An inside perspective of health care and life as a physician, from Pure Family Medicine
When I’m talking to friends and family and the topic of health care comes up, I often forget that what I know about the inner workings of a doctor’s office and the health system is not common knowledge. I recently advised my in-laws on what they should be looking for in their (new) primary care doctor when their previous physician missed a major test finding that landed one of them in the hospital. It can be overwhelming narrowing down your choice of doctor from all the options out there, so hopefully I can use my insider info to help guide you in this process. Without further ado, here are the tips you need to know to find the best family medicine doctor for you and your family.
This is how many people select their doctor, because they don’t realize the doctor listed on their insurance card is merely a suggestion. To be honest, I’m not sure how insurance companies decide which doctor to put on which patient’s card. Sometimes I imagine an insurance employee throwing darts at a map and wherever your dart sticks, that’s who you need to trust with your health. In fact, since opening my new practice (where I don’t bill insurance), I have had dozens of people call to schedule with me because my name is on their new insurance card…
If you have insurance, browse through your insurance network to get an idea of what your options are and use that as your initial guide, don’t settle for the name on your card. Or, consider not using insurance for your primary care, since some of the best care you can get will come from doctors who are not forced to play by the insurance companies’ rules.
Your primary care doctor will literally be involved in all aspects of your health (if they are good). Don’t settle for a restricted network that you are required to stick with. My family personally had insurance with a restricted network a while back, and I immediately regretted it when we couldn’t see the best specialists because they were out of network. We decided to just pay cash at these out of network specialists, but with limited networks like HMOs they won’t even accept orders or referrals from doctors not in their network. No thank you, we switched plans as soon as possible because we didn’t want the insurance companies in control of who we saw and the care we received.

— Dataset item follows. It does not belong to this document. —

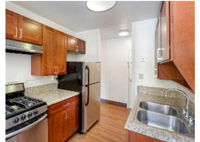
Ocean Bay (Bayside)

Yes, many doctors will do this! If not, consider your first appointment an interview and take the time during your appointment to ask questions. If your doctor doesn’t have 5-10 minutes to spare to answer these questions when first meeting you, that’s your first red flag. Important things to ask include:
This should probably be #1. Ask people you trust who they are seeing, and if they feel they are well cared for. This doesn’t mean their doctor will automatically be a great fit for you, but it’s an excellent starting point. You can also look at online review sites, but whether you are looking for a doctor, or a bite to eat, take online reviews with a grain of salt. Another great source of recommendations is other medical professionals in your area that you may know and trust, chances are they know a ton about your potential physician of choice.
Everyone wants something different out of their care and out of their health care provider. Do you want someone you trust to direct you and tell you how to best care for yourself, or do you prefer a more collaborative approach where every recommendation is discussed in detail (this is my approach)? Do you want a more traditional approach or a more natural approach to your health care? Just like you have preferences for your care, each physician will naturally practice a certain way. Through recommendations and possibly your initial interview/visit, you should try to see if your health care philosophies mesh with your physician’s.
Although doctors are supposed to (by law) practice without any outside influences, the reality is that the quality of care they provide is heavily influenced by the policies set by the company they work for. Research the company, is it a locally owned private practice or a massive corporation? Dig beyond their mission statement and try and find what the practice is really about. Look at their staff and figure out if there are a lot of administrators or non-clinical staff (the more non-clinical staff, the more likely your doctor has to answer to non-medical administrators). You may love your doctor, but they may be forced to see 30 patients a day, or may be being pressured to refer to certain practices affiliated with their company. They may be suffering from moral injury (aka burnout) because they are unhappy with their current job. I am obviously biased towards doctors who are independent or in smaller practices, but there are plenty of awesome doctors with larger corporations, you just have to find which doctors are able to thrive in that system.
I started my practice because 10 minutes is just not enough time with patients, insurance companies should not be allowed to control how my patients are cared for, and I want to be there for my patients when they need me. There are a lot of doctors who feel the same way, and more and more are taking a stand to try and change our health care system. There are about 90 DPC practices in Colorado, and 1000 nationwide. All of these doctors have made the commitment to better patient care, and taken a huge risk by leaving stable jobs to fulfill that commitment. If you are looking for a great primary care doctor who will literally change the way you view the health care system, I encourage you to look up a Direct Primary Care practice in your area, and at least chat with the doctor to see if it makes sense for you.